A: The average cost for logo embroidery varies a lot based on size, stitch count, and the item it’s on. A standard left chest logo on a polo shirt might cost $20-$45 per shirt for small quantities, including the shirt. This price usually goes down for bigger orders. There is often a one-time embroidery digitizing fee on top of the first order.
Q: What is the average embroidery cost per stitch?
A: The average cost per stitch for businesses to charge is typically between $0.001 to $0.005 per stitch, or $1.00 to $5.00 per 1,000 stitches. The exact rate depends on the shop’s costs, location, and volume.
Q: Why do you charge a digitizing fee?
A: The digitizing fee covers the cost of turning a regular image file into a special embroidery file that tells the machine how to sew the design. It requires skilled work and special software. This is usually a one-time fee for a specific logo design.
Q: Is there an embroidery pricing calculator I can use?
A: Yes, many online tools and software programs offer an embroidery pricing calculator. You input details like stitch count, quantity, and item type, and it helps you figure out the cost. You can also make a simple one yourself in a spreadsheet.
Q: How do factors affecting embroidery price like quantity change the cost?
A: The biggest factor is often quantity. Setup time (hooping, loading the design) is the same whether you sew one item or 100. For bigger orders, this setup cost is spread across more items, making the price per item lower. More stitches and complex designs also increase the price.
Q: How do I create an embroidery price list template?
A: Start by listing your costs (item, embroidery based on stitches/size, digitizing). Then, add your desired profit margin. Organize this information clearly showing costs per item at different quantities, plus separate fees for digitizing, rush orders, and personalization.
Q: Can I see an example embroidery price list template?
A: Most businesses create their own, but a basic template includes sections for Garment Costs, Embroidery Costs (per stitch or size tiers, with quantity breaks), Digitizing Fees (one-time), Extra Services (names, locations, rush), and Minimum Order requirements.
Q: Is charging for embroidery per hour a good method?

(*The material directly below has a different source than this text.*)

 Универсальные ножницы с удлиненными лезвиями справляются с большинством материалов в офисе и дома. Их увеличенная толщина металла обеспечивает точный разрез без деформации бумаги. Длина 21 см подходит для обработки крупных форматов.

A: Charging per hour is usually not ideal for the machine embroidery time itself, as multiple machines might run at once, and estimating precise time per job is hard. It works better for human tasks like design setup, complex artwork cleanup, or hand finishing.
Q: How do you calculate pricing embroidery designs?

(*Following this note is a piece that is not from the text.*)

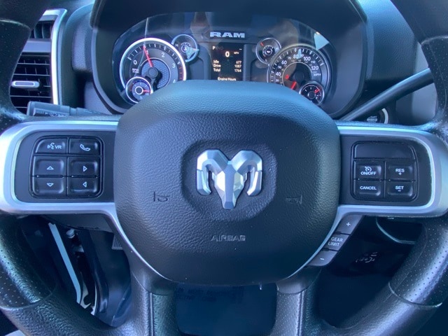 This 2500 is well equipped with Quick Order Package 2HZ Big Horn, 2 Way Rear Headrest Seat, 3.73 Axle Ratio, 4 Way Front Headrests, 4-Wheel Disc Brakes, 40/20/40 Split Bench Seat, 4G LTE Wi-Fi Hot Spot, 6 Speakers, 8.4" Touchscreen Display, ABS brakes, Active Noise Control System, Air Conditioning, AM/FM radio: SiriusXM, Apple CarPlay, Apple CarPlay/Android Auto, Bluetooth Handsfree Phone & Audio, Brake assist, Bumpers: chrome, Center Hub, Center Stack Storage Drawer, Chrome Flat Cab-Length Side Steps, Cloth 40/20/40 Bench Seat, Compass, Connectivity - US/Canada, Delay-off headlights, Driver door bin, Dual front impact airbags, Dual front side impact airbags, Electronic Stability Control, Electronically Controlled Throttle, Front anti-roll bar, Front Center Armrest w/Storage, Front License Plate Bracket, Front reading lights, Fully automatic headlights, Global Telematics Box Module (TBM), Google Android Auto, GPS Antenna Input, Heated door mirrors, Illuminated entry, Integrated Center Stack Radio, Integrated Voice Command w/Bluetooth, Low tire pressure warning, Manual Adjust 4-Way Driver Seat, Manufacturer's Statement of Origin, Occupant sensing airbag, Outside temperature display, Overhead airbag, Overhead console, Panic alarm, ParkView Rear Back-Up Camera, Passenger door bin, Passenger vanity mirror, Power door mirrors, Power steering, Power windows, Radio data system, Radio: Uconnect 5 W w/8.4" Display, Rear anti-roll bar, Rear Folding Seat, Rear seat center armrest, Rear step bumper, Remote keyless entry, Selectable Tire Fill Alert, SiriusXM Radio Service, SiriusXM Satellite Radio, Speed control, Tachometer, Tilt steering wheel, Tip Start, Tow Hooks, Traction control, Trip computer, Turn signal indicator mirrors, Variably intermittent wipers, Vendor Painted Cargo Box, Vendor Painted Cargo Box Tracking, Voltmeter, and Wheels: 18" x 8.0" Steel Chrome Clad.

A: Designs are typically priced based on their stitch count or size. You set a rate per 1,000 stitches or have price tiers for small, medium, and large designs. The complexity of the design and the number of color stops also play a role.
Wrapping Up
Setting prices for embroidery can seem tricky at first. By figuring out your costs, choosing a pricing method (like per stitch), and considering all the things that affect the price, you can create a fair and profitable pricing system. Use tools like an embroidery pricing calculator and build a clear embroidery price list template. Remember to include embroidery digitizing fees when needed. Knowing your average cost for logo embroidery and other common jobs helps you quote fast. Review your prices often to keep your business healthy.